Feria de las Flores y Café.......

Earlier this week we hit the road at 6 am with friends, for a five hour trek to the mountain town of Boquete.  We took this boring ride to the other side of Panamá in search of the annual Feria de las Flores y Café (flower and coffee fair).  Due to it's cooler temperatures, Boquete has become a favorite for tons of expats looking for a retirement haven.  Unlike the rest of Panamá, temperatures in Boquete range from 60 at night to 82 in the day, eliminating the need for air conditioner's or heaters.  But for these wimpy south Texans, we froze our butts off at night.  I slept in winter pajamas under a heavy down comforter that the hotel provided, snuggled up next to Clyde for warmth.  This was not the Panamá that I came to know and love, and I couldn't wait to get back to the warm side of the country.

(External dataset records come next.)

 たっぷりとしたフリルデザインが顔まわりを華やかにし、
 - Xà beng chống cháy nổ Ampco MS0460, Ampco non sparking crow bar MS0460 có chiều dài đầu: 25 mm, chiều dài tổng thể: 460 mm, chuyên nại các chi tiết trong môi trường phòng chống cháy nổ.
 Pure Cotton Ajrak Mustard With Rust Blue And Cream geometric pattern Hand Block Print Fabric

The fair offered an array of beautiful flowers surrounded by vendors selling coffee and other touristy items.  Along with indigenous art, baskets, tapestries, molas, shoes, masks and pottery was a large assortment of knitted hats, scarves and sweaters for this frigid weather.  As the night progressed and the clouds rolled in, the winds howled and a few sprinkles fell over us causing a chill.  Our chilly group headed back to the hotel where we played a game of Mexican Train Dominoes, had a few drinks and laughed the night away.

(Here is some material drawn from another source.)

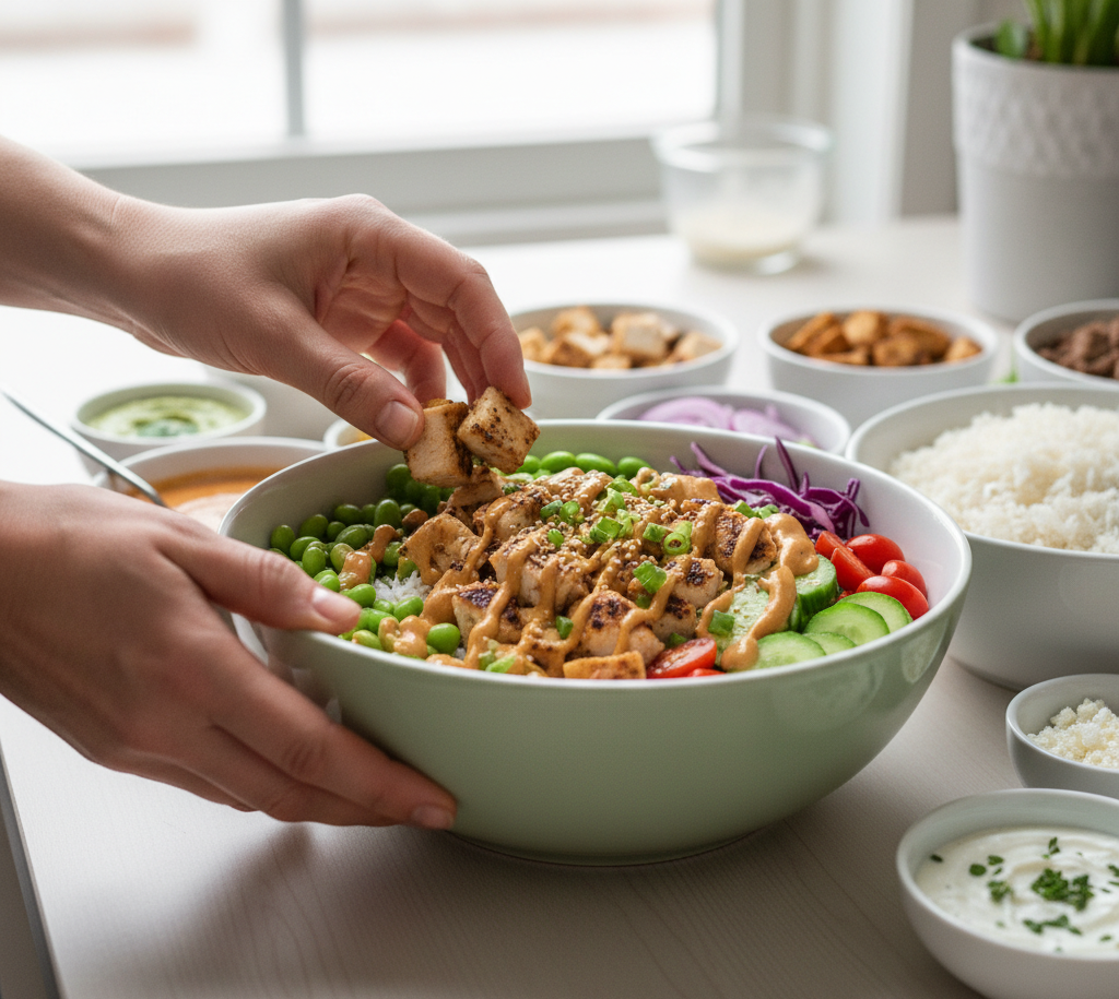 Start with a base of rice, then layer protein, vegetables, and toppings.
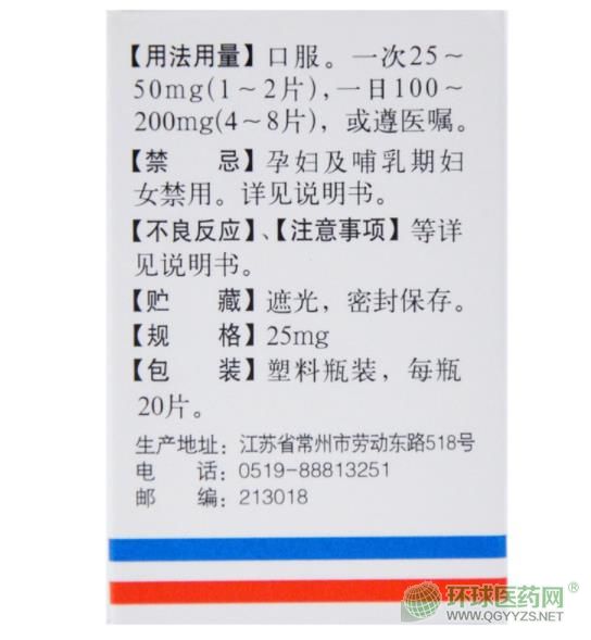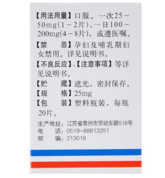 【用法用量】口服。一次25-50mg(1-2片),一日100-200mg(4-8片),或遵醫(yī)囑。

The next day after a tour of Cafe Ruiz Coffee Farm (in another blog) we went looking for the Caldera Hot Springs. The word "caldera" means boiling pot and hot springs exist in this area due to volcanic activity.  We followed the tiny signs, put the vehicles in four wheel drive and slowly crawled over some extremely, rough, rocky terrain that led to an even worse road conditions.  Thinking we'd have to get out and walk, we talked to a few local kids who said the path was very difficult so we turned back. In writing this blog I researched the springs only to find they're on a private farm, hidden away in the jungle and are not easy to get to. Clyde and I tried to find them last year on our first trip to Panamá but gave up since the road is nearly impassable. But on this trip we did stumble on some pre-Hispanic Indian 'petroglyphs' or rock paintings on a rock in the middle of a field.

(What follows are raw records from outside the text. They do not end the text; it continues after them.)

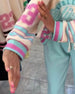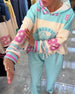 Modieuze Sweatshirt Met Halve Rits En Regenboogstrepen
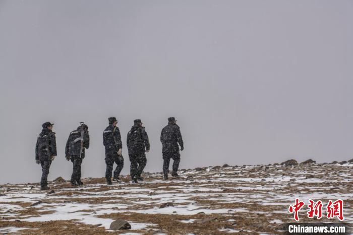 圖為可可西里巡山隊在野外巡護??煽晌骼锕芾硖幑﹫D
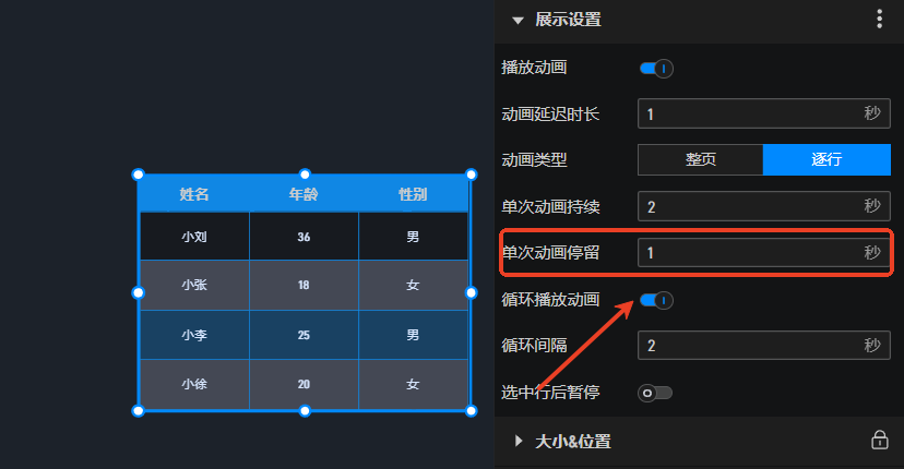 可以轮播,开启循环播放即可。轮播出现闪的效果是因为单次动画停留时间为0,这里建议修改为1。
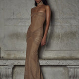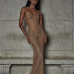 Step into high drama with the Jonquil Classi Sheer Gown — a bold yet refined masterpiece made to command attention. This strapless silhouette features sculptural collar detailing and a glowing sheer finish that drapes like liquid light. Whether you’re on the red carpet or center stage, Jonquil brings sculpted allure with an avant-garde twist.

Many North Americans are fascinated with the Boquete area and think it's the perfect place to retire.  For us it's too cold, too expensive, too Americanized, and too far away from Panama City for our liking.  But isn't it wonderful that there's something in Panamá for everyone! Beaches, mountains, big city living, hot and cool climates along with something for every budget.  We've come to realize that every retiree comes here with a different ideal, and a different situation. Some have a monthly pension or social security to live on. Other's have a lump sum of money in the bank from the sale of a house back in the states.  Whether you have a budget of $500,000 or $50,000, want to live in a gated community or in a local village, there's something for everyone here in Panamá.  Come explore this beautiful country, bring an open mind and lots of patience and perhaps you too will fall in love.   We fell in love with the country, the people and each other all over again as we made a new life in Panamá, here along the gringo trail.